In the material below, find the line with "We only use" and the line with "This Warwick 8B4", then output both and every line between them exactly, omitting pictures.

==================================================

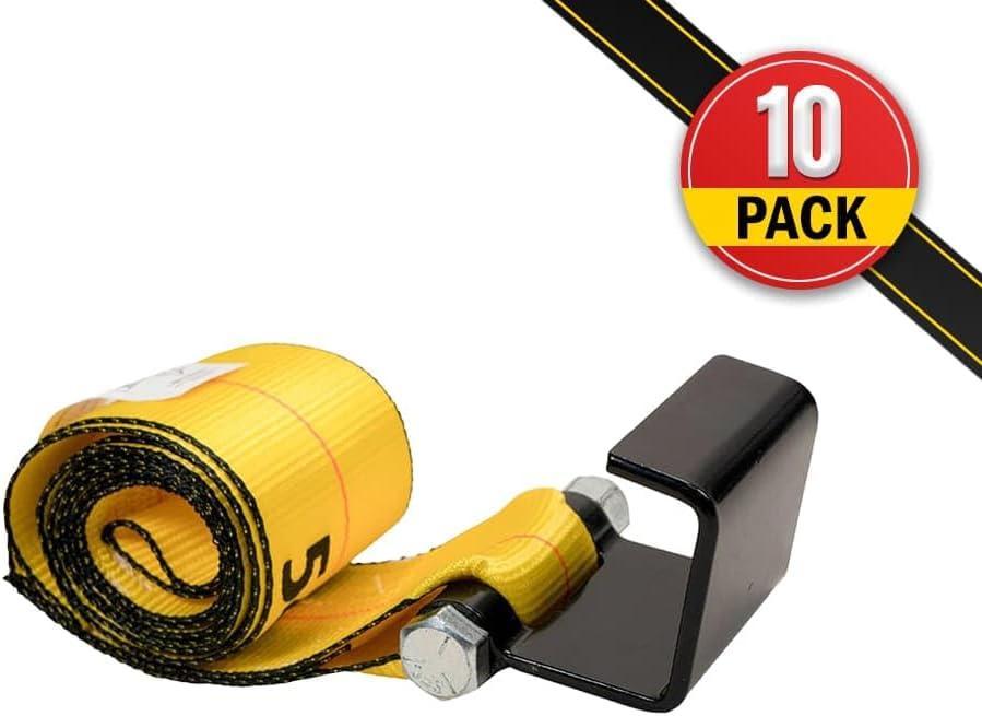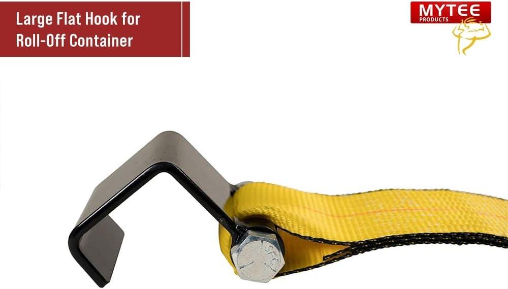 Mytee Products (10 Pack) 4" x 5' Roll Off Container Yellow Winch Strap w/Large Flat Hook for Roll Off Truck, 5,400 lbs Working Load Limit(Bolt on Yellow)
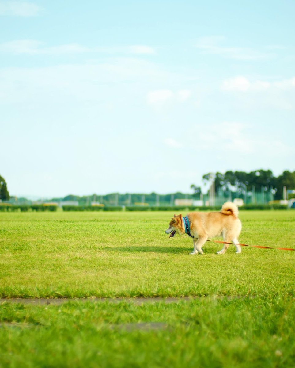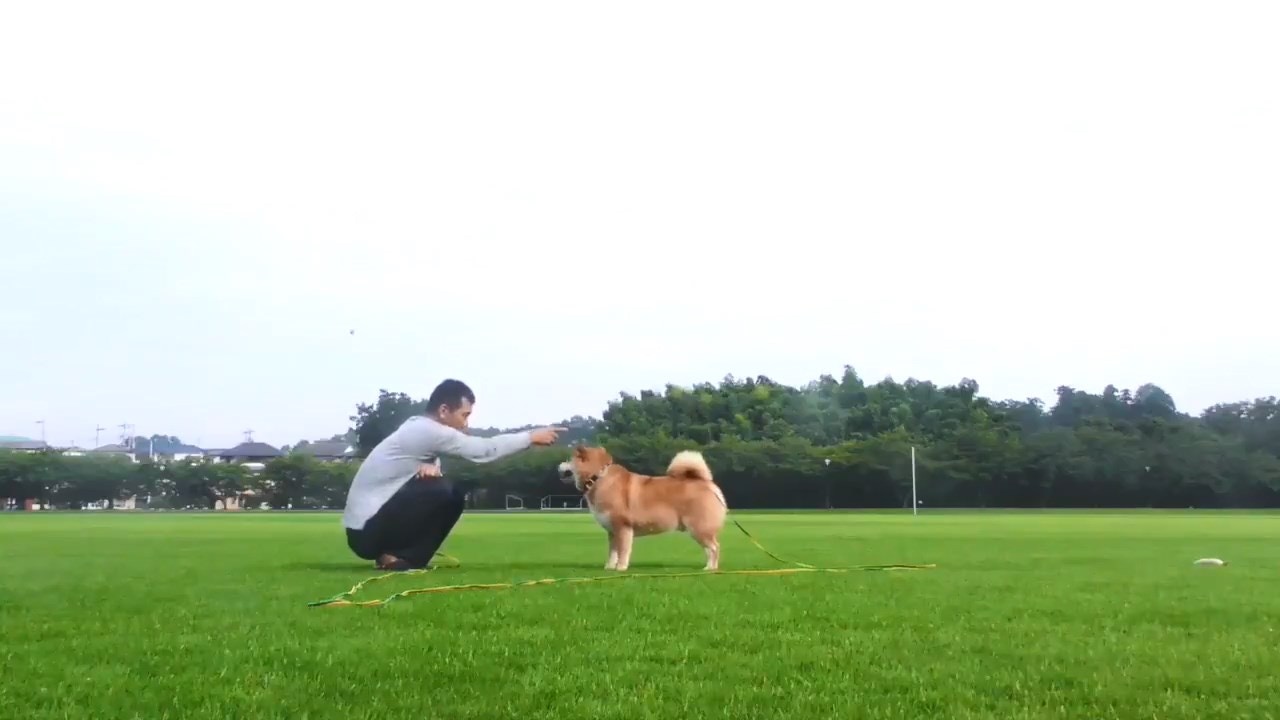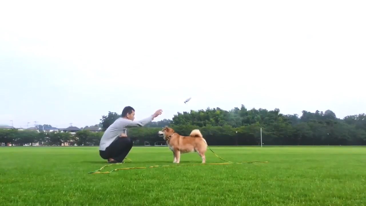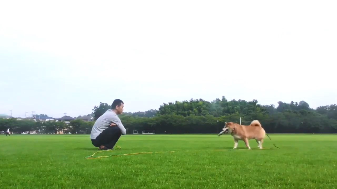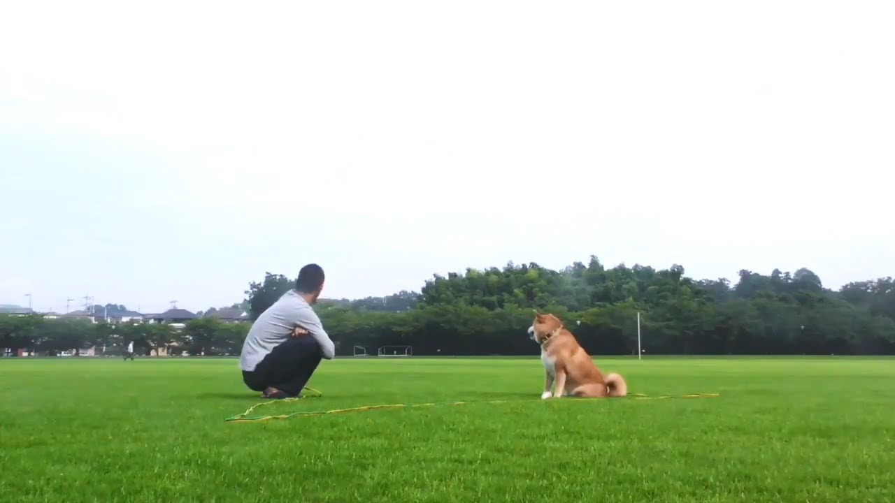 ▼主人帶丸太郎到廣闊的草地上玩遊戲,他將玩具丟出去後,丸太郎沒有盡情奔跑,反而一動不動,還與主人對視。
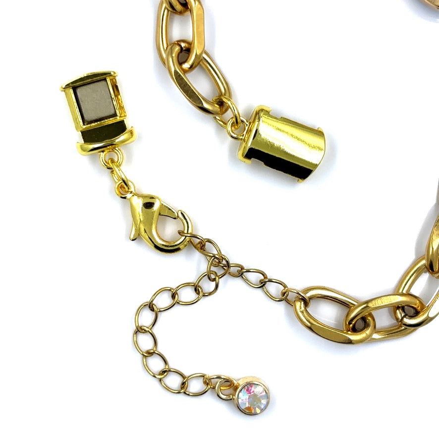 We only use non-magnetic extender chain, so it will not stick to the Freedom Clasp. Unlike other adjustable bracelets, you can make your adjustments with the lobster claw prior to wearing your bracelet, rather than struggling to find the perfect fit while on your wrist.
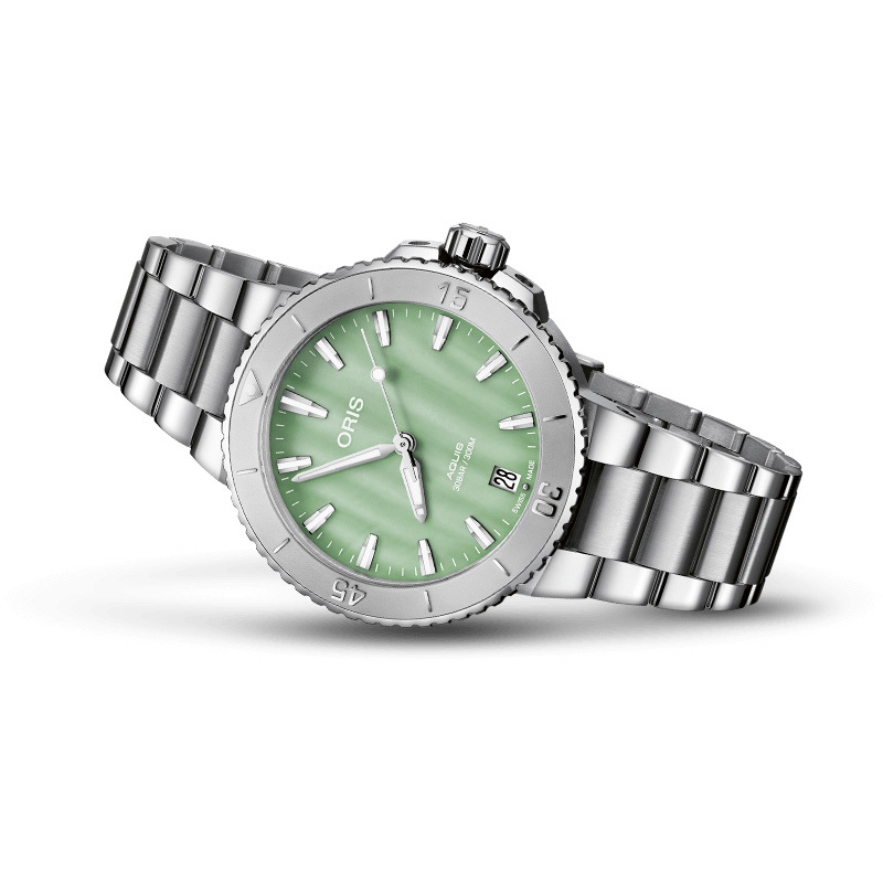 Корпус: Многокомпонентный корпус из нержавеющей стали, минутная шкала на безеле. Циферблат из зеленого перламутра. Сапфировое стекло, выпуклое с обеих сторон, внутреннее антибликовое покрытие. Индексы и стрелки покрыты составом Superluminova BG W9. Завинчивающаяся задняя крышка со специальной гравировкой. Завинчивающаяся заводная головка из нержавеющей стали. Диаметр: 36,5 мм. Водонепроницаемость: 300 метров.
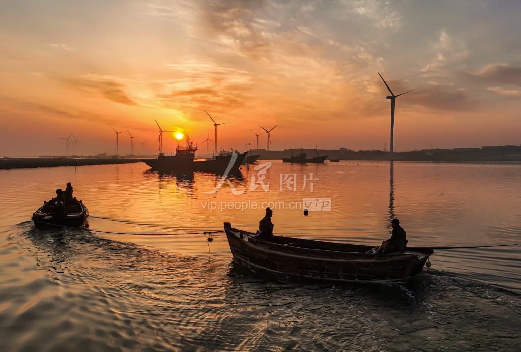 2023年3月19日,在山东省荣成市桑沟湾海洋牧场周边的风力发电场,风力发电机与朝霞、旭日交相辉映,构成春日里一道靓丽的海上风景线。近年来,山东荣成坚持高质量绿色发展理念,依托沿海丰富的风能资源,在各大海洋牧场周边规划布局海上风电建设项目,推进沿海、海岛风力发电、光伏发电等绿色能源产业和海洋牧场生态养殖快速发展。
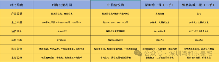 后海沄玺花园并非孤品,它与周边一些高端项目共同构成了深圳湾一线的顶级住宅选择。以下是它与主要竞品的对比情况:
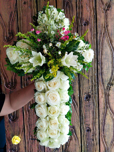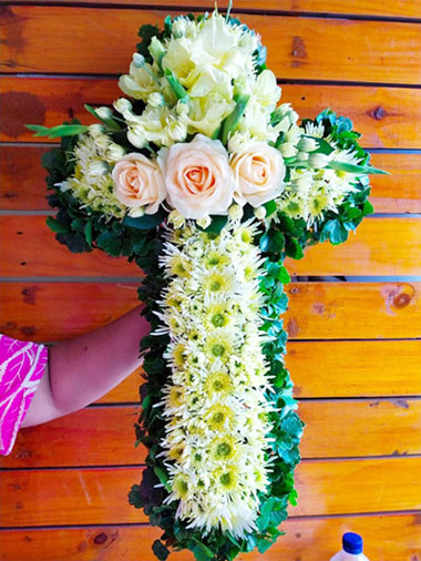 Rangkaian bunga salib untuk acara duka cita ini dirangkai dengan bahan bunga segar dan wangi. Karangan bunga bentuk salib ini melambangkan ungkapan turut berdukacita atau belasungkawa atas orang yang teleh meninggal dunia. Untuk anda yang mencari harga bunga salib di Medan kami jual dengan harga murah. Proses pembuatan cepat dan pengantaran ke rumah duka juga cepat. Untuk pemesanan, silahkan klik tautan (link) yang telah tersedia.
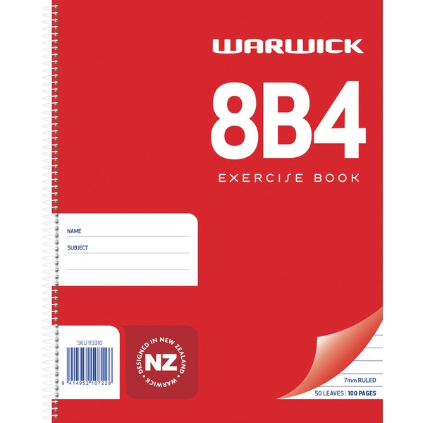This Warwick 8B4 Spiral Exercise Book is a convenient book for recording notes, homework, exercises, drafts, thoughts and ideas. The soft covered, spiral bound exercise book features 50 leaves with 7mm ruled lines. Great for school, study, for use in the office and at home.
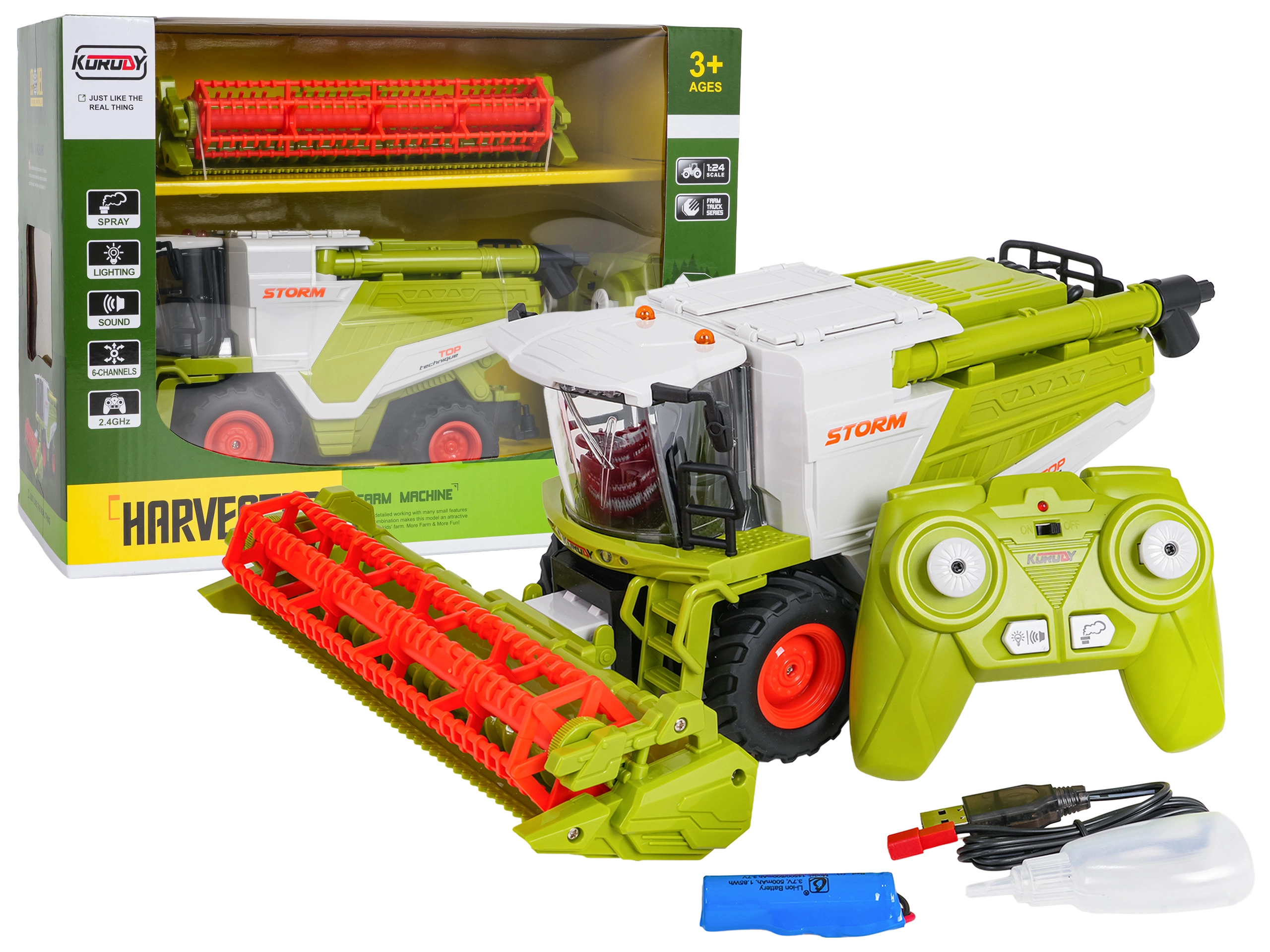 Realistični RC kombajn u mjerilu 1:24 oduševit će male farmere od 3 godine. Nudi vožnju u svim smjerovima, gumene gume s dobrom prianjivošću, rotirajući žetveni valjak, otvoriv spremnik za žito i LED osvjetljenje. Zahvaljujući dimnom efektu (vodena para) i realističnim zvukovima djeluje kao pravi stroj. Upravljanje je na 2,4 GHz, dostupna je mogućnost isključivanja svjetala i zvukova te automatsko uspavljivanje radi uštede baterije.

==================================================

_Solution to the exercise:_
 We only use non-magnetic extender chain, so it will not stick to the Freedom Clasp. Unlike other adjustable bracelets, you can make your adjustments with the lobster claw prior to wearing your bracelet, rather than struggling to find the perfect fit while on your wrist.
 Корпус: Многокомпонентный корпус из нержавеющей стали, минутная шкала на безеле. Циферблат из зеленого перламутра. Сапфировое стекло, выпуклое с обеих сторон, внутреннее антибликовое покрытие. Индексы и стрелки покрыты составом Superluminova BG W9. Завинчивающаяся задняя крышка со специальной гравировкой. Завинчивающаяся заводная головка из нержавеющей стали. Диаметр: 36,5 мм. Водонепроницаемость: 300 метров.
 2023年3月19日,在山东省荣成市桑沟湾海洋牧场周边的风力发电场,风力发电机与朝霞、旭日交相辉映,构成春日里一道靓丽的海上风景线。近年来,山东荣成坚持高质量绿色发展理念,依托沿海丰富的风能资源,在各大海洋牧场周边规划布局海上风电建设项目,推进沿海、海岛风力发电、光伏发电等绿色能源产业和海洋牧场生态养殖快速发展。
 后海沄玺花园并非孤品,它与周边一些高端项目共同构成了深圳湾一线的顶级住宅选择。以下是它与主要竞品的对比情况:
 Rangkaian bunga salib untuk acara duka cita ini dirangkai dengan bahan bunga segar dan wangi. Karangan bunga bentuk salib ini melambangkan ungkapan turut berdukacita atau belasungkawa atas orang yang teleh meninggal dunia. Untuk anda yang mencari harga bunga salib di Medan kami jual dengan harga murah. Proses pembuatan cepat dan pengantaran ke rumah duka juga cepat. Untuk pemesanan, silahkan klik tautan (link) yang telah tersedia.
This Warwick 8B4 Spiral Exercise Book is a convenient book for recording notes, homework, exercises, drafts, thoughts and ideas. The soft covered, spiral bound exercise book features 50 leaves with 7mm ruled lines. Great for school, study, for use in the office and at home.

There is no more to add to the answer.